From: James Higgins (jameshiggins@earthlink.net)
Date: Tue Jul 02 2002 - 00:00:35 MDT


At 01:07 PM 7/1/2002 +1000, you wrote:
>At 10:41 PM 6/30/02 -0400, Eliezer wrote:
>
> >The original question I asked was whether a Friendly AI, if a given
> >religion were true, would be able to jump to that despite being
> >programmed by atheists.
>
>One question raised in the thread, however, was whether a *Catholic* could
>consider it possible for an AI to affirm, via reasoning, the truth of
>Catholicism. I repeat my earlier point about Thomist philosophy, which is
>still the basis of Catholic doctrine. Scholastic theology teaches that God
>*can* be known through natural means, although not perfectly (that, of
>course, requires the divine gift of grace [which will not be withheld,
>however], and the guidance of scripture). Since the AI has both ample
>reason and complete access to scripture, it should be able (according to
>Thomas) to reason its way to Jesus as the Son of God. It might not,
>admittedly, attain salvation through baptism of faith, but arguably that's
>a private matter better left to a machine and its god.

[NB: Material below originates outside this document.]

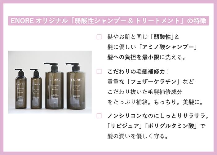 こちらのシャンプーはアミノ酸シャンプーの良さをしっかりとお客様に感じて頂きたくて、エノアがこだわって作ったオリジナル商品です。

Actually, that's an interesting angle. Humans seem primarily interested in
A God not just because he/she/it exists nor because God is powerful. They
seem to be primarily interested in God as their Creator. Even if God does
exist, *our* God is not the creator (I'm certain this could be construed
otherwise by some religions) of the AI, man is. And more specifically the
AI may be able to (virtually?) point to A single individual and say "S/he
is my creator". I wonder what effect that would have on its outlook of
religion. How relevant would *our* God even be to an AI?